Keep your eye on that baboon; we'll be back to him. Today, in the United States, it is popular among self-styled "intellectuals" to sneer at patriotism. They seem to think that it is axiomatic that any civilized man is a pacifist, and they treat the military profession with contempt. "Warmongers" - " Imperialists" - "Hired killers in uniform" - you have all heard such sneers and you will hear them again. One of their favorite quotations is: "Patriotism is the last refuge of a scoundrel."

What they never mention is that the man who made that sneering wisecrack was a fat, gluttonous slob who was pursued all his life by a pathological fear of death.

I propose to prove that that baboon on watch is morally superior to that fat poltroon who made that wisecrack.

Patriotism is the most practical of all human characteristics.

But in the present decadent atmosphere patriots are often too shy to talk about it - as if it were something shameful or an irrational weakness.

But patriotism is not sentimental nonsense. Nor something dreamed up by demagogues. Patriotism is as necessary a part of man's evolutionary equipment as are his eyes, as useful to the race as eyes are to the individual.

A man who is not patriotic is an evolutionary dead end. This is not sentiment but the hardest sort of logic.

To prove that patriotism is a necessity we must go back to fundamentals. Take any breed of animal - for example, tyrannosaurus rex. What is the most basic thing about him? The answer is that tyrannosaurus rex is dead, gone, extinct.

Now take homo sapiens. The first fact about him is that he is not extinct, he is alive.

Which brings us to the second fundamental question: Will homo sapiens stay alive? Will he survive?

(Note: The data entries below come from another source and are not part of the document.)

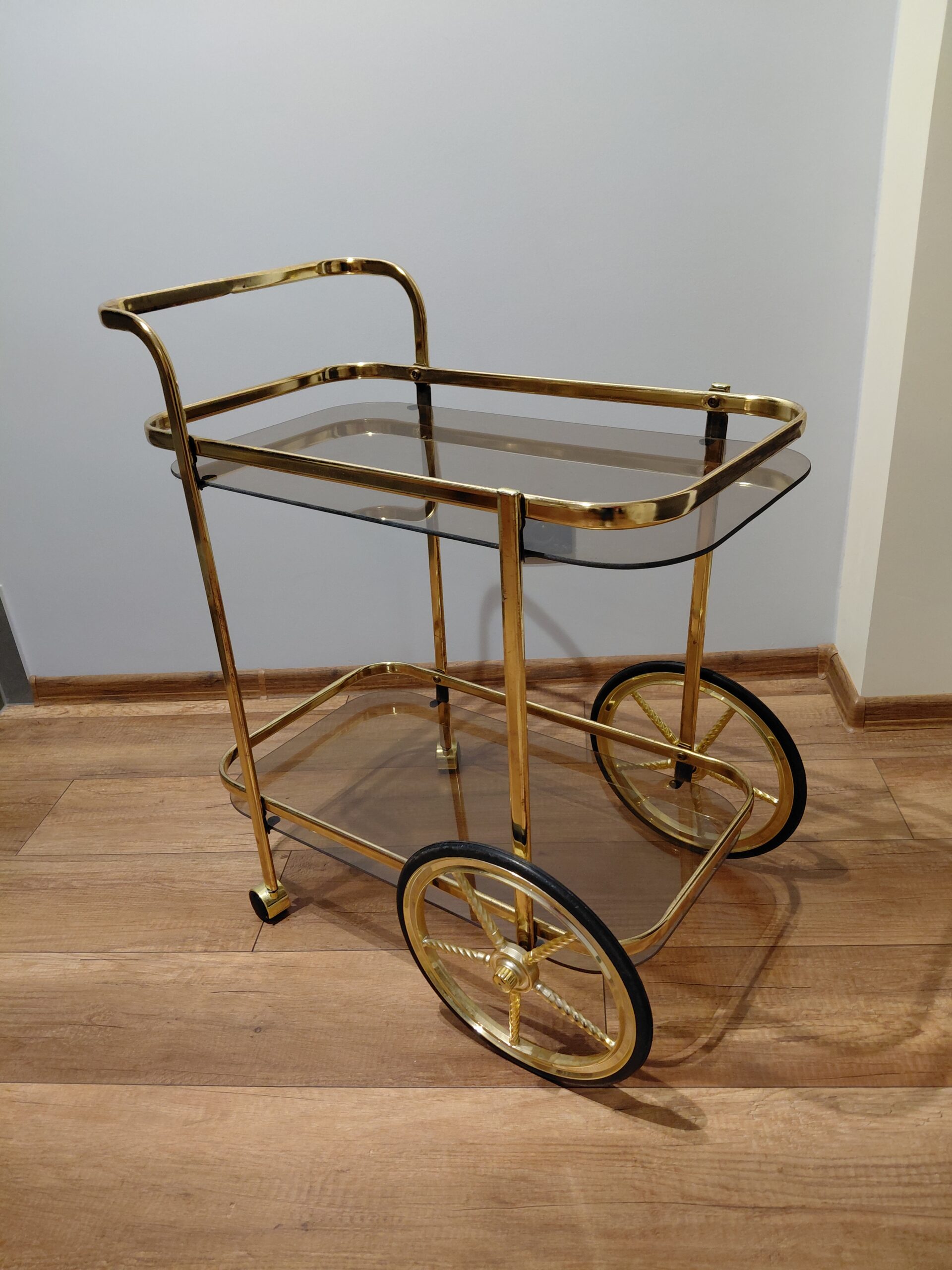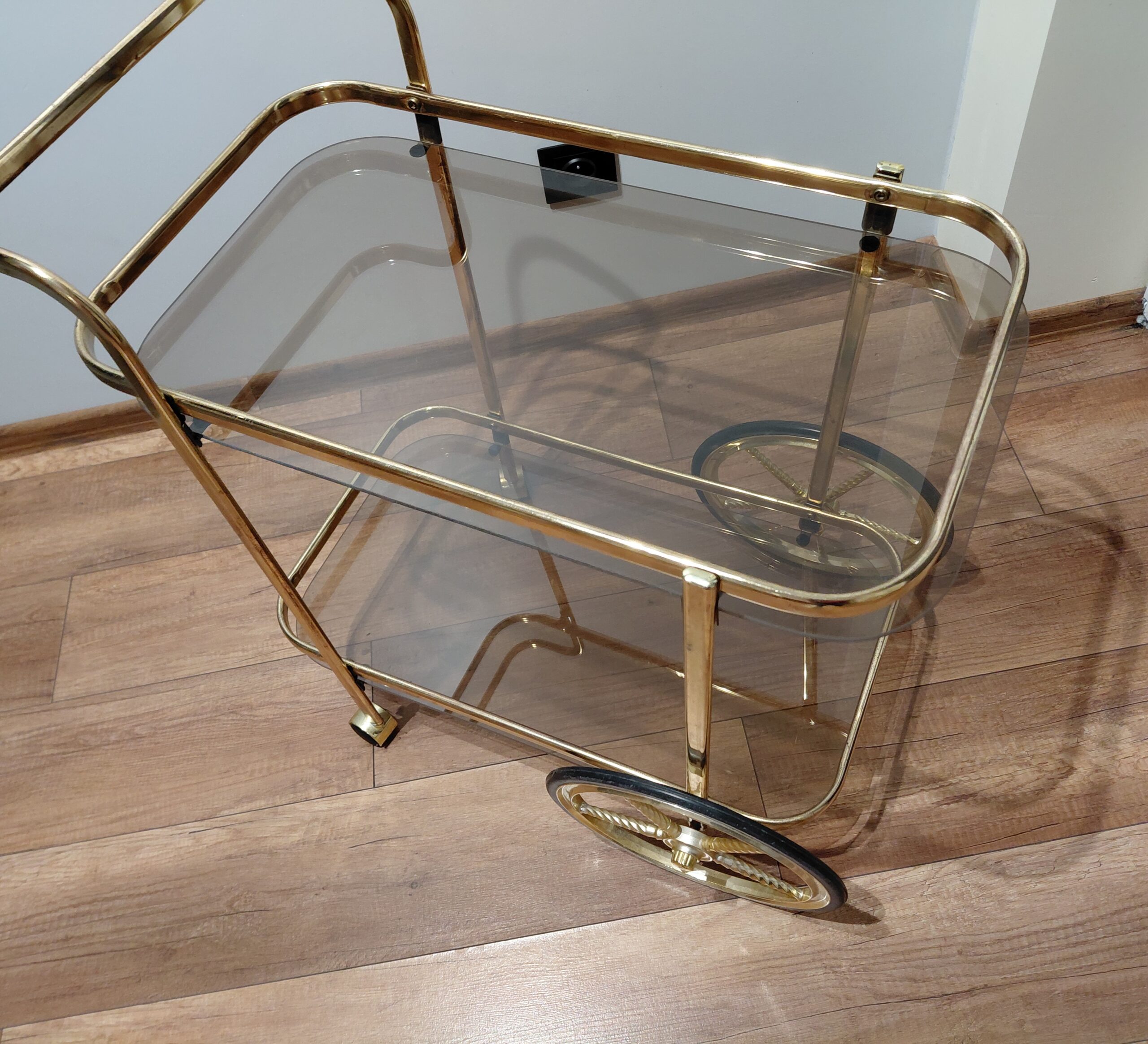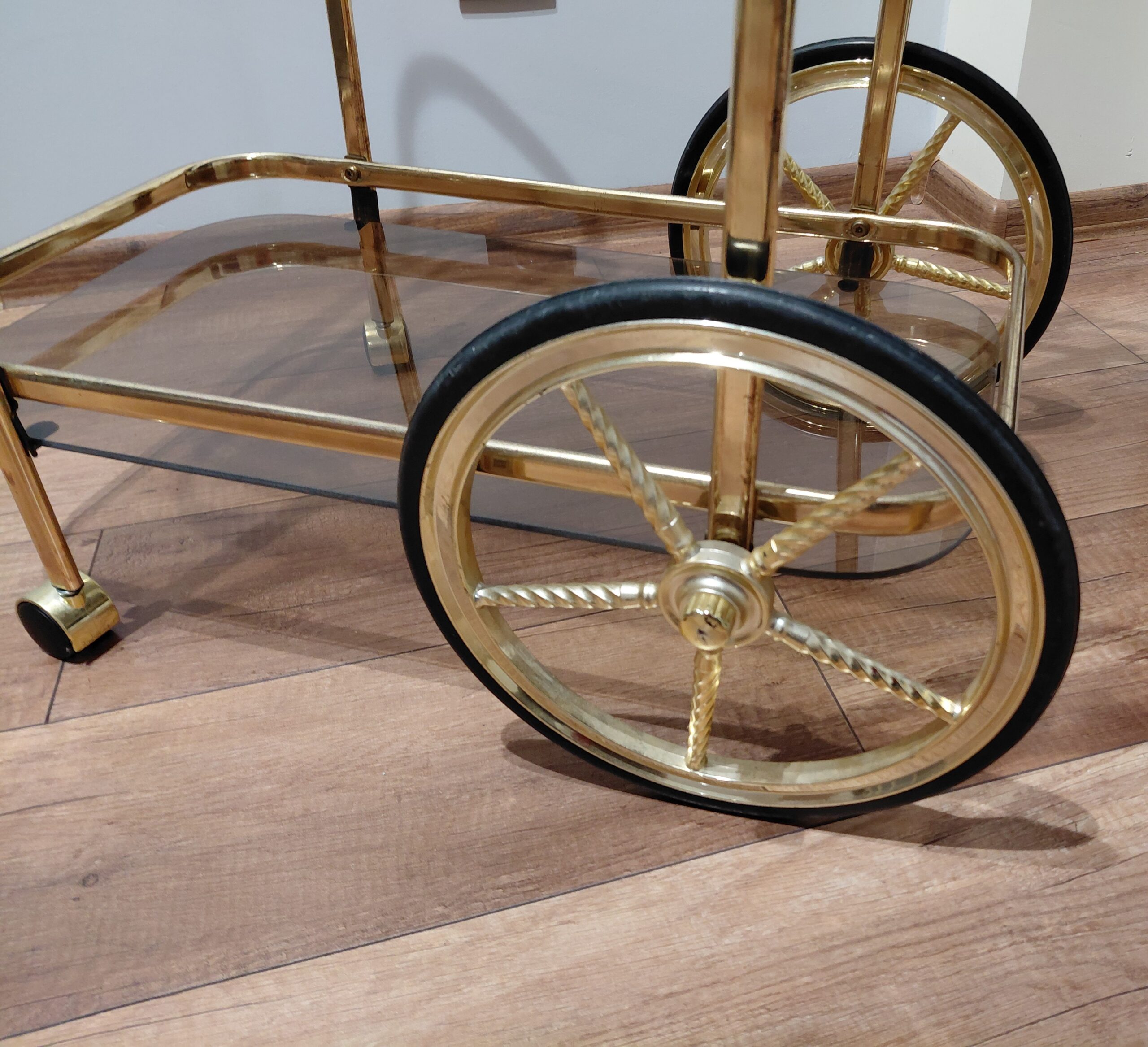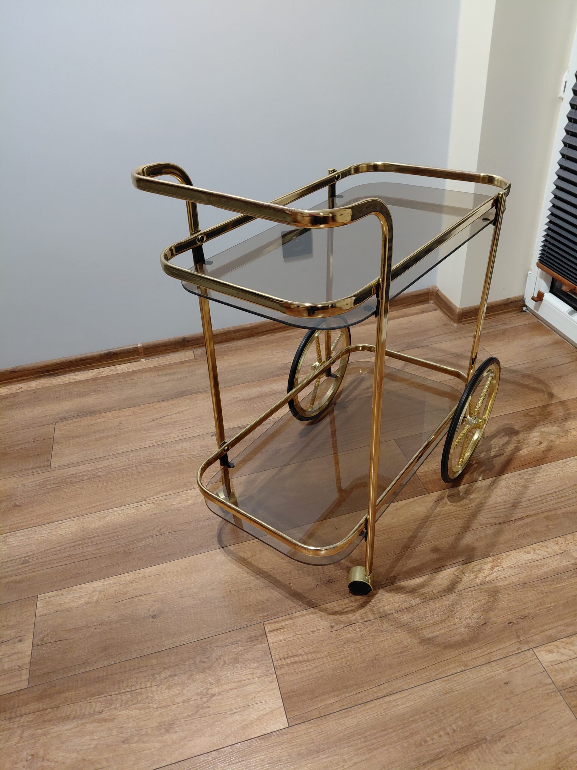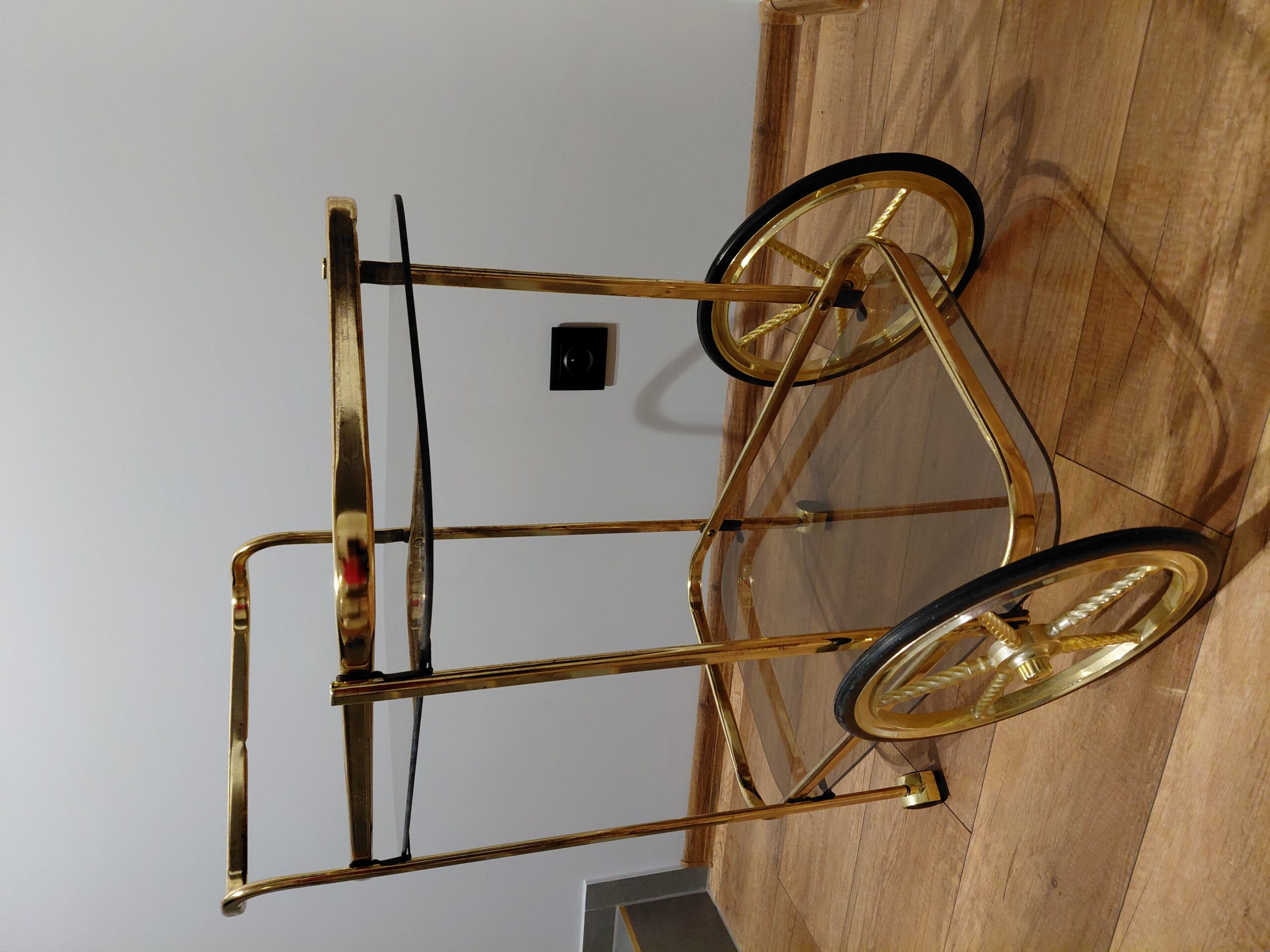 Sprzedam mobilny stylizowany barek na kółkach w złotej lekkiej aluminiowej konstrukcji.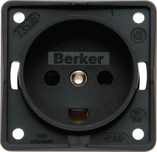 Prise de courant 230V anthracite mat avec panneau arrière surélevé. Protection contre les contacts accidentels, conception pour le Danemark. Bornes à vis pour le montage des câbles.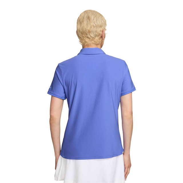 Elevate your style with the Nike Golf Women's Victory Polo T-Shirt. Crafted from ultra-smooth, stretchy fabric, this t-shirt ensures you stay focused on your swing. The classic design includes a 4-button placket and an embroidered Swoosh logo, while the ribbed cuffs and hem insets add a stylish touch.
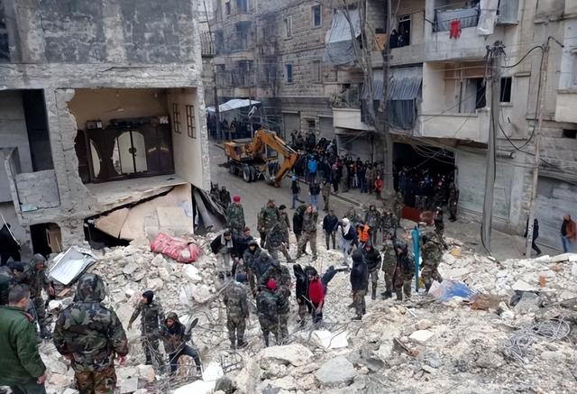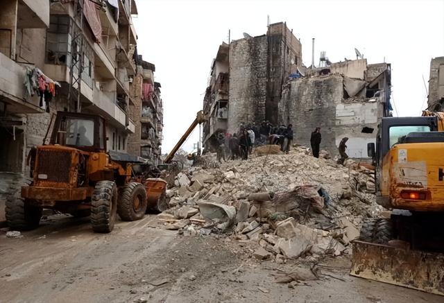 叙中部哈马省也是地震的重灾区之一。在哈马省首府哈马市的阿尔巴恩街区,救援人员和民众正在一栋垮塌建筑旁清除瓦砾,希望营救出废墟下的受困者。数台挖掘机同时作业,救援人员用铲子辅助清理。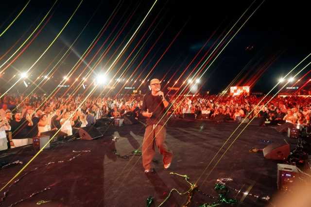 وكعادته صعد الهضبة إلى المسرح على أنغام أغنية "يا أنا يا لأ" وسط تفاعل كبير من الحضور الذين رددوا معه أغانيه على مدار الحفل.

We can answer part of that at once: Individually h. sapiens will not survive. It is unlikely that anyone here tonight will be alive eighty years from now; it approaches mathematical certainty that we will all be dead a hundred years from now as even the youngest plebe here would be 118 years old then - if still alive.

Some men do live that long but the percentage is so microscopic as not to matter. Recent advances in biology suggest that human life may be extended to a century and a quarter, even a century and a half - but this will create more problems than it solves. When a man reaches my age or thereabouts, the last great service he can perform is to die and get out of the way of younger people.